Włoskie bombardowanie
Tylko dwie bramki padły w starciu NOVILION CONSULTING ze STANLEY B&D, jednak ten, kto myśli, że spotkanie było nudne, jest w olbrzymim błędzie. Emocji nie brakowało, a walka trwała do ostatnich sekund.
Oba zespoły miały o co walczyć. Przed czwartkowym meczem w nieco lepszej sytuacji znajdował się NOVILION CONSULTING, mający pięć punktów przewagi nad bezpośrednim rywalem. Narzędziowcy nie zamierzali jednak rezygnować i potyczka zaczęła się dla nich wyśmienicie – już w 3. minucie potężnym strzałem popisał się Alessio Miniutello i strzegący bramki Przemek Marciniuk nie zdążył zareagować. Zdobyta bramka dodała pewności poczynaniom STANLEY B&D, wprowadzając za to dużą nerwowość u rywala. Gracze w żółto-czarnych trykotach grali bardzo mądrze, długo utrzymując się przy piłce, doskonale organizowali się również w obronie, nie pozwalając rozwinąć skrzydeł Grzegorzowi Arasimowiczowi. Do przerwy ekipa STANLEY B&D prowadziła 1:0, co zapowiadało spore emocje po zmianie stron.

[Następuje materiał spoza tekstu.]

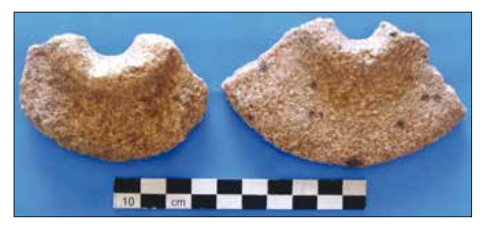
Plate 6. Maceheads from the surface of Goz Abu Gunbak 2.

Located immediately west of the village of Abu Gunbak, and on the western border of the Gezira Agricultural Scheme. It sits on a few goz, within the flat area. There is an abundance of the archaeological finds on the surface of the Mesolithic and Neolithic, with a variety of types of decoration on the pottery. There is also an abundance of grindstones of various forms and maceheads (Plate 6), and there were some ivory lip-plugs. The human skeletons that appear on the surface are mostly contracted, and similar to those found at many sites in central Sudan, such as Jebel Sabaloka (Suková and Varadzin 2012, 125). However, one of them was lying stretched on its back, aligned north-south. There is widespread grazing over the site, which is threatening to cause damage to archaeological material.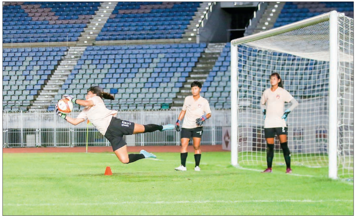
The Myanmar goalkeeper catches the ball in the air during her training session at Thuwunna Stadium in Yangon.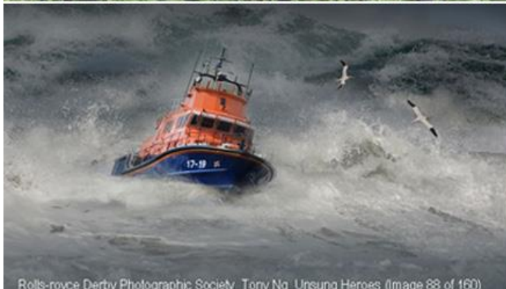
Rolls-royce Derby Photographic Society_Tony Ng_Unsung Heroes (Image 88 of 160)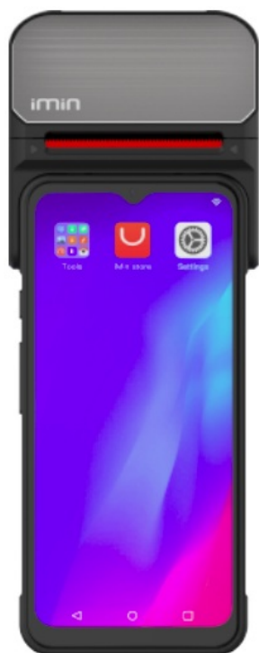
Swift 1p Pro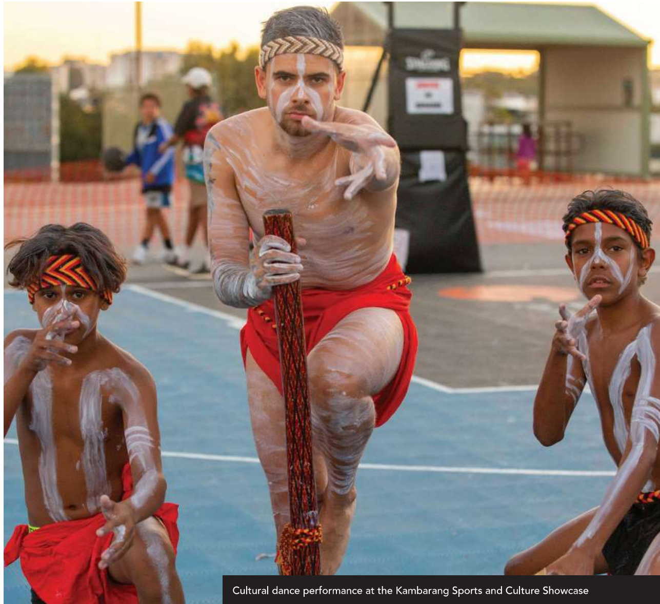
Cultural dance performance at the Kambarang Sports and Culture Showcase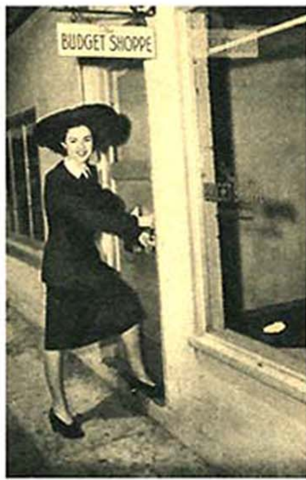
PADLOCKED . Wilma Jo's Budget Shoppe will be closed for the duration. Customers promised they'd be back for reopening.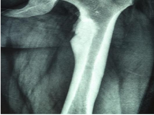
Figure 1: Flowing candle wax condensation in the proximal femur on a plane radiography, specific of the Leri's disease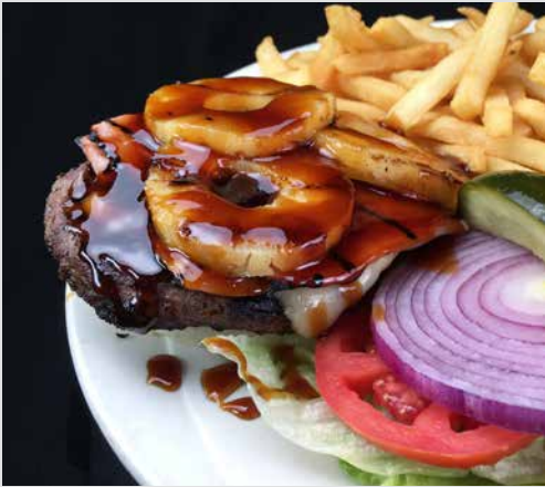
Hawaiian Burger Teriyaki Glaze, Jack Cheese, Deli Ham and Pineapple 15.00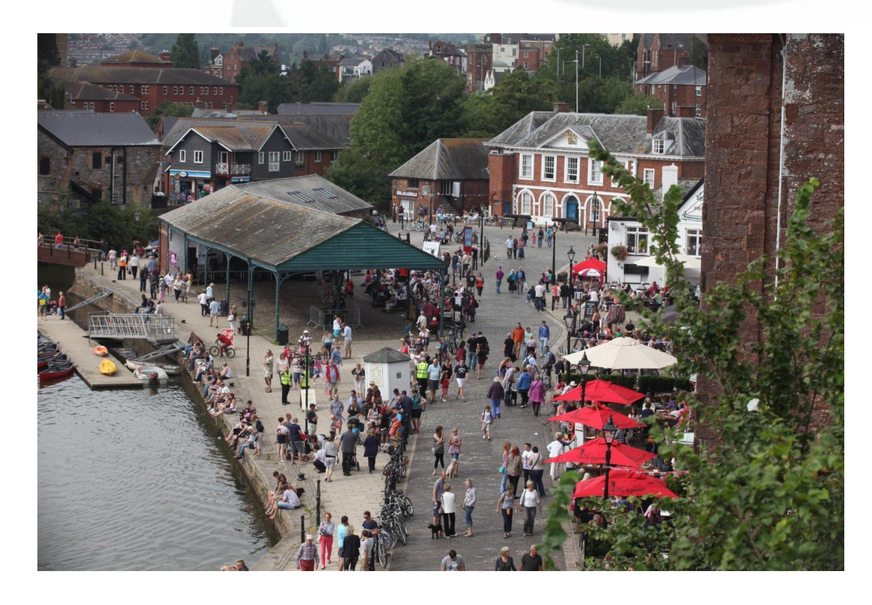
Exeter Quay - an increasingly popular destination, but with the potential for so much more, both within the city and along the canal.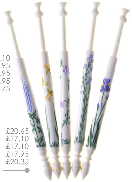
From left: Lupins £20.65 Daffodils £17.10 Clematis £17.10 Forget-me-Not £17.95 Iris £20.35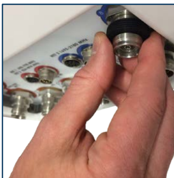
Install the port seal, with text "This side away from nut" toward antenna port or device.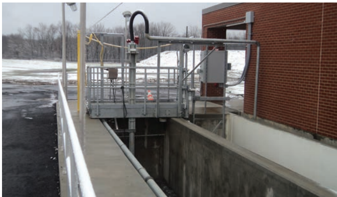
Bridges can be fitted with scrapers and/or pumps for grit removal.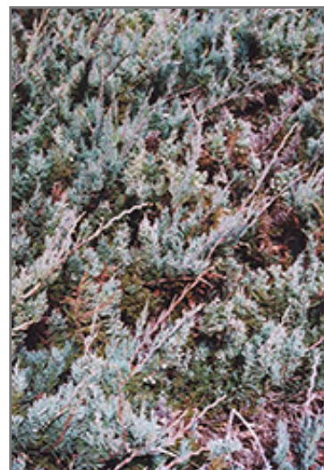
Alpine Creeping Juniper

Alpine Creeping Juniper will grow to be about 24 inches tall at maturity, with a spread of 5 feet. It tends to fill out right to the ground and therefore doesn't necessarily require facer plants in front. It grows at a slow rate, and under ideal conditions can be expected to live for approximately 30 years.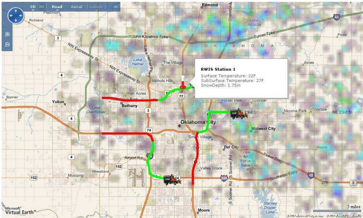
Figure 1: The Inclement Weather Console

This console merges data from Automatic Vehicle Location (AVL) instrumentation within Oklahoma Department of Transportation vehicles, weather sensor data from a network of Road Weather Information System (RWIS) stations currently being deployed and other real-time weather data including data from the National Oceanographic and Atmospheric Administration (NOAA) and the Oklahoma Climatological Survey into a single visualization framework. During the beta testing of this console it is available only to ODOT personnel. Additionally, during this project, we have developed the capability to display non-sensitive portions of this data via ODOT’s Advanced Traveler Information System (ATIS) website.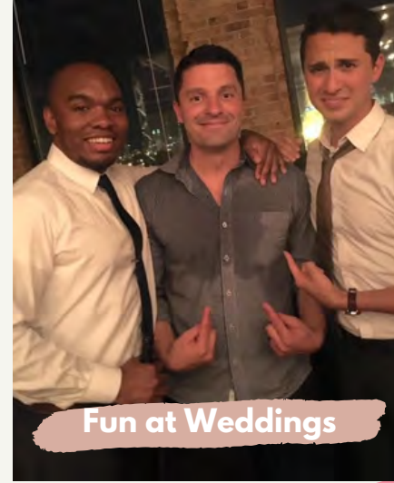
Fun at Weddings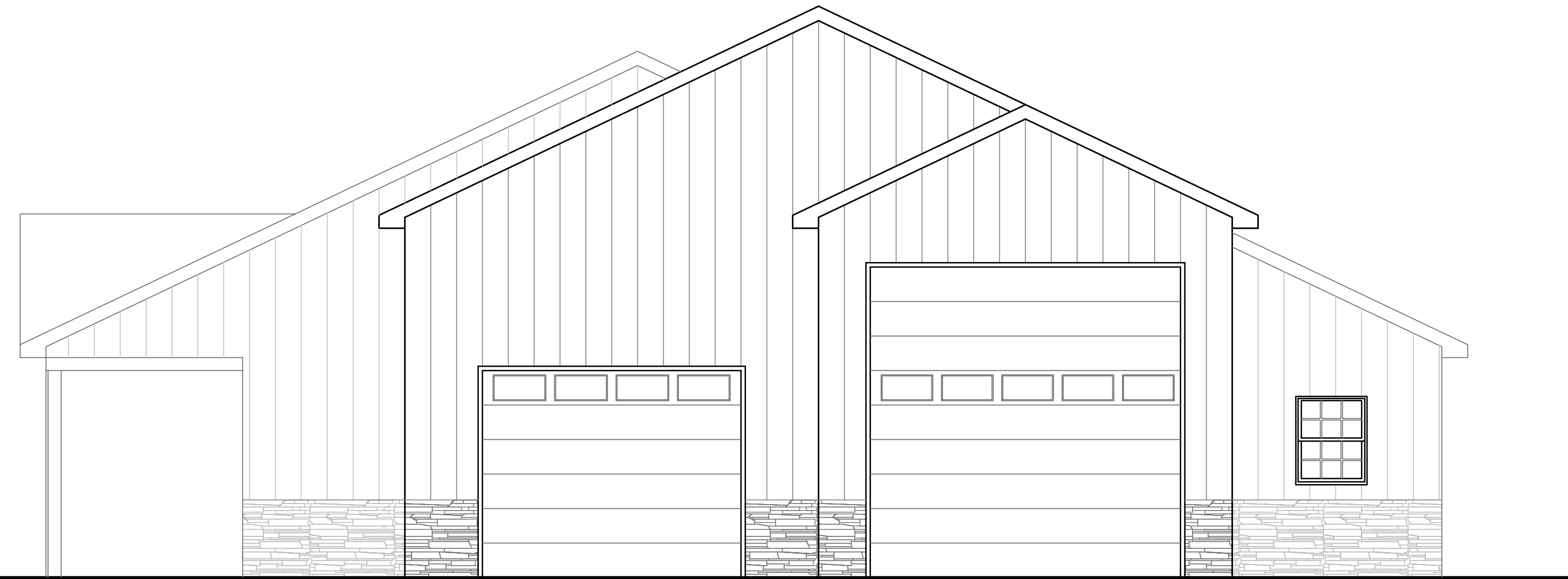
3 RIGHT SIDE ELEVATION 1/4" = 1'-0"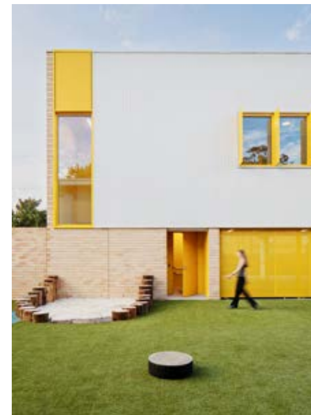
A sense of joy and playfulness through the flexible learning areas.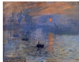
Sunrise by Monet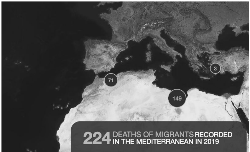
Source: IOM, 'Deaths by Route' (28 February 2019) https://missingmigrants.iom.int/region/mediterranean?

In particular, the impetus for the realisation of the HCs came following the death of at least 800 migrants of multiple nationalities (including Syri-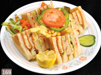
169 كلوب دجاج CHICKEN CLUB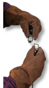
Adjusting Chain Links for Various Diameters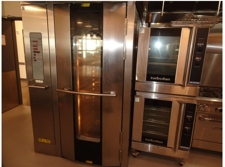
All major equipment in the production kitchen was functional with the following exception- the deep fryer could not be tested without oil in it and two refrigeration units were unplugged at time of inspection.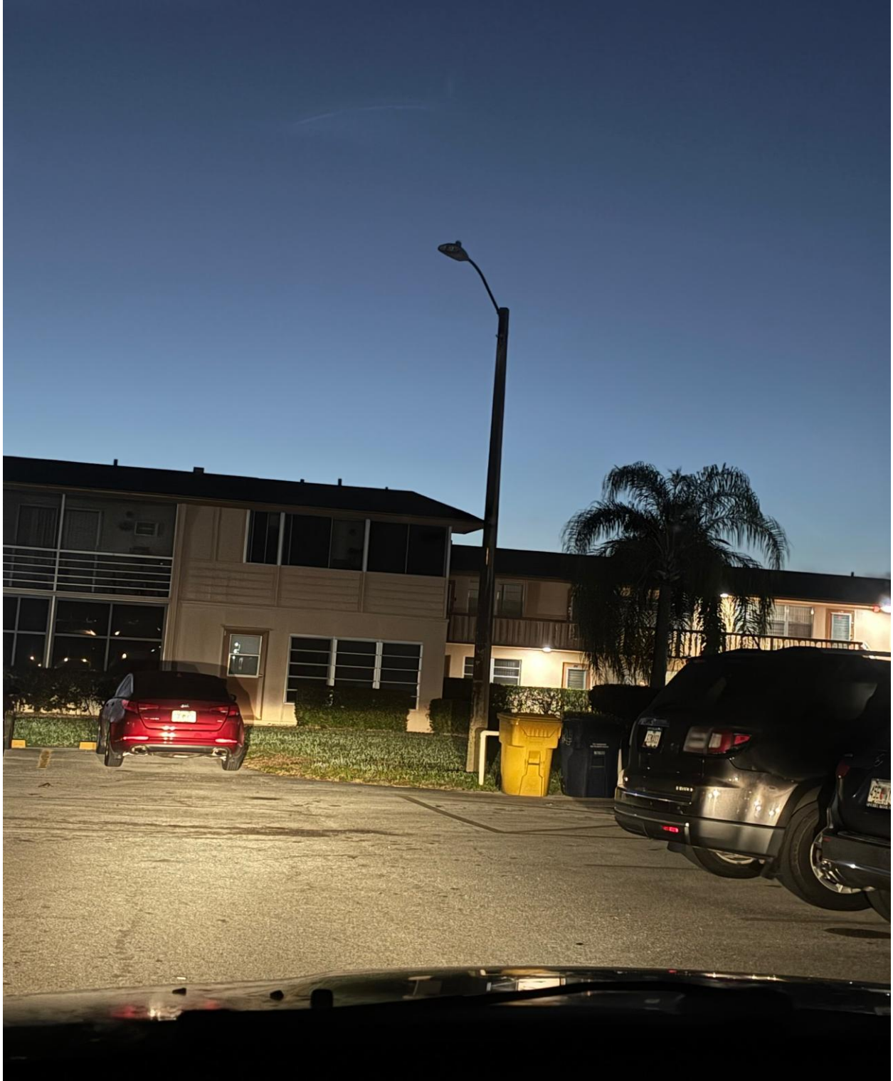
DORCHESTER D- DARK STREETLIGHT. REPORTED IN BY A CV UNIT OWNER. A REQUEST FOR REPAIR WAS SENT TO FPL, TICKET #41370 .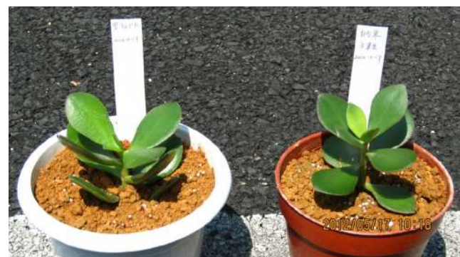
Fig. 3 Jade plant ( Crassula argentea ) treated with nanomaterial and the growth of new leaves were promoted (yellow pot) compared to the control (white pot) (10 days after treatment)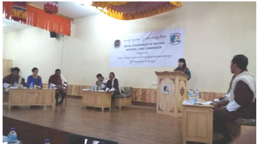
Participants of Dzongkha Debate Competition

Dzongkha as a spoken language has lost its purity, meaning people tend to mix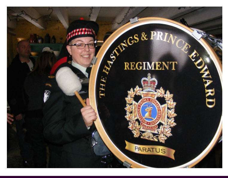
Hastings & Prince Edward Regiment drummer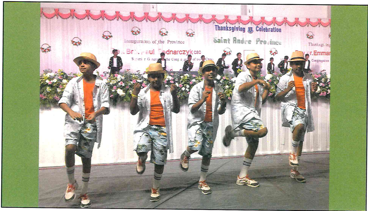
Each group had their own costumes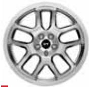
18" Bright-Machined Aluminum Standard on GT500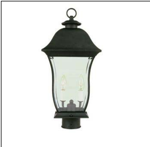
4973 BK: 2 Light Post Lantern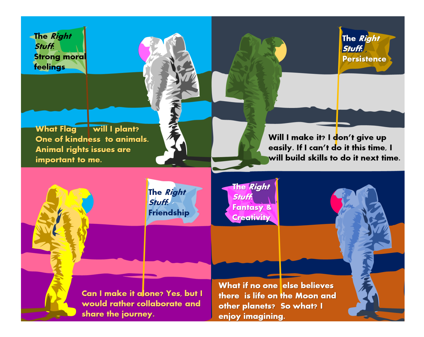
Figure 1. Example Warhol-inspired digital art related to the movie The Right Stuff featuring characteristics of a gifted student.

Figure 3 shows the footprint of the first astronaut on the moon accompanied by high-heeled footprints of the three African-American characters in Hidden Figures . The female maker of this artwork considered the identity issues the African American stars of this movie faced and how some of these themes were echoed in her own gifted development. Finally, Figure 4 shows self-sufficiency social-emotional issues raised in the movie The Martian .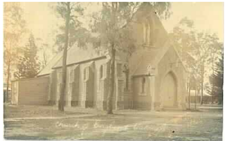
Church of England Oakleigh 1907 Stonnington History Collection MP622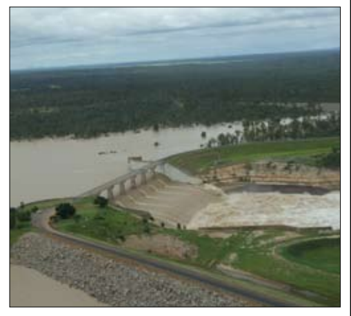
The Fairbairn spillway was an impressive sight.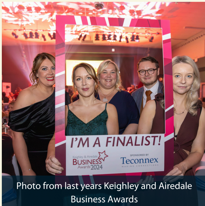
Photo from last years Keighley and Airedale Business Awards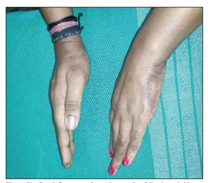
Figure 3b: Post-inflammatory hyperpigmentation following subsidence of cutaneous ulcers on the sides of both hands

DNA, anti-Smith, anti-histone, anti-U1RNP and anti-PM-Scl antibodies were negative and serum levels of complements (C3 and C4) were normal. Repeat chest X-ray, high-resolution computed tomography thorax and ultrasonogram of abdomen and pelvis were normal. Magnetic resonance imaging of both thighs showed mild oedema and patchy contrast enhancement involving quadriceps femoris muscles, suggestive of myositis. Myositis profile was positive for anti-Mi-2-alpha antibody. A comprehensive evaluation did not reveal any underlying malignancy. Considering the heliotrope rash, symmetrical proximal muscle weakness and elevated muscle enzymes, we made a diagnosis of probable dermatomyositis based on the Bohan and Peter classification. Transaminitis was likely due to myositis, as a part of dermatomyositis. Anti-tuberculosis therapy was withdrawn, and she was treated with dexamethasone four mg twice daily intravenously and hydroxychloroquine 200 mg twice daily per orally. As fever persisted and cutaneous ulcers progressed, she was given methyl prednisolone one gm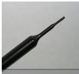
Interior of probe

Application: High precision dosimetric measurements in any exposure scenario (e.g., very strong gradient fields). Only probe which enables compliance testing for frequencies up to 6 GHz with precision of better 30%.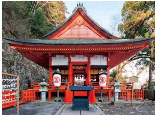
Oku-Sha (Izutama shrine)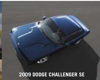
2009 DODGE CHALLENGER SE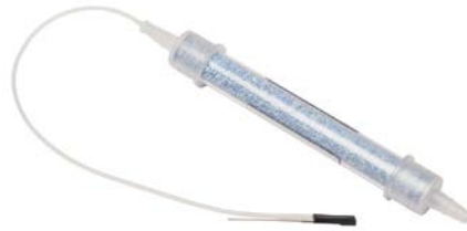
Part No. LTACC-2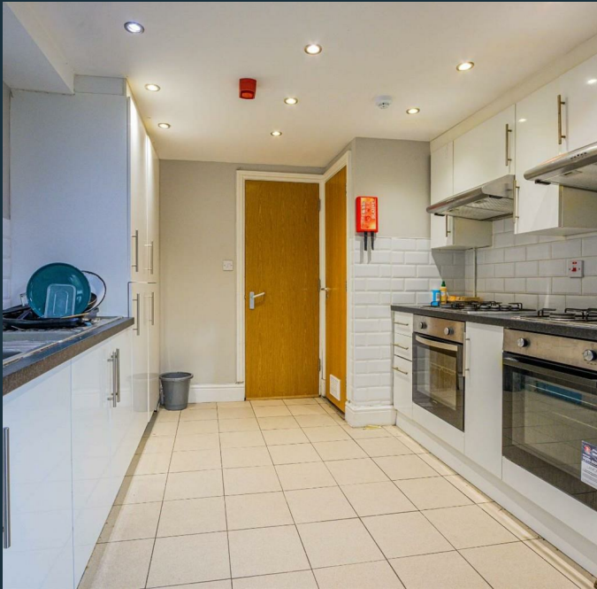
Merthyr Street, Cathays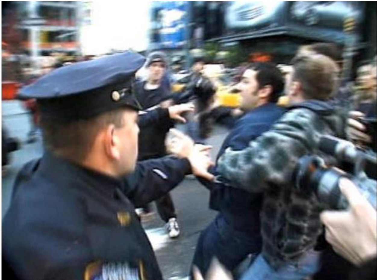
Fig. 6: A still from the film of the Times Square photoshoot shows Spencer Tunick's arrest.

calling for the withdrawal of funds for supposedly “obscene” artists such as Robert Mapplethorpe (see e.g. McLeod and MacKenzie).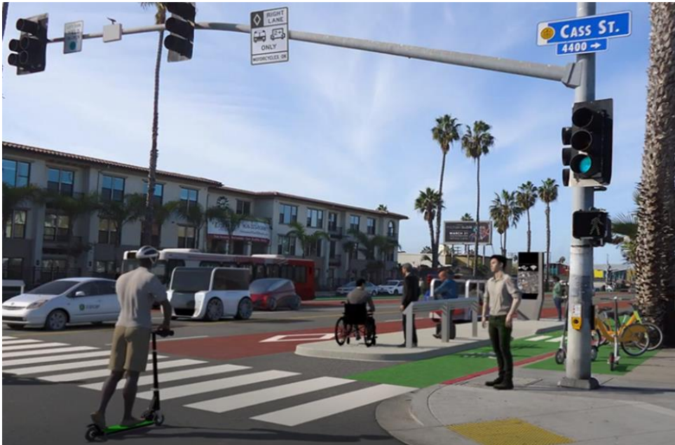
San Diego, Mobility Hub

... are places of connectivity where different modes of travel seamlessly converge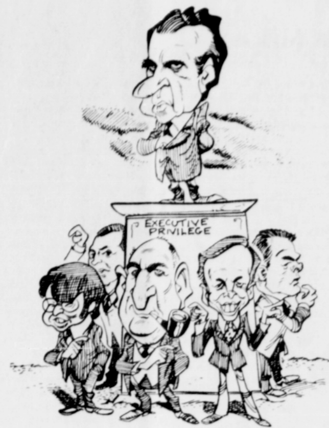
"The man at the top must bear responsibility."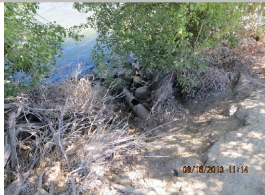
Large hole in pipe at WS toe.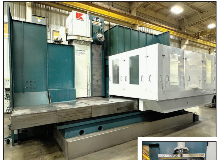
KURAKI KBT-13A CNC TABLE TYPE HBM

I tak rzeczywiście było. NOVILION CONSULTING za wszelką cenę starał się doprowadzić do wyrównania, lecz nie mógł znaleźć recepty na dobrze dysponowanego oponenta. STANLEY B&D nie zmieniał swojej strategii – narzędziowcy konsekwentnie dążyli do celu, którym było zwycięstwo. Mijały kolejne minuty, a NOVILION CONSULTING nadal nie potrafił przedrzeć się przez szyki obronne rywala. Decydujący cios padł na cztery minuty przed końcem. Po raz kolejny dał o sobie znać Miniutello, który otrzymał piłkę od Michała Kwaśniewskiego i kolejną bombą nie dał szans bramkarzowi. Czwartkowa wiktoria pozwoliła żółto-czarnym awansować na pozycję lidera rozgrywek, NOVILION CONSULTING powalczy natomiast o miejsce w czołowej czwórce w kolejnych meczach.
Zawodnik meczu: Alessio Miniutello
Włoski ogier w szeregach STANLEY B&D rozstrzelał NOVILION CONSULTING. Wystarczyły dwie chwile nieuwagi, aby golkiper dwukrotnie musiał wyciągać piłkę z siatki. Urodzony bombardier!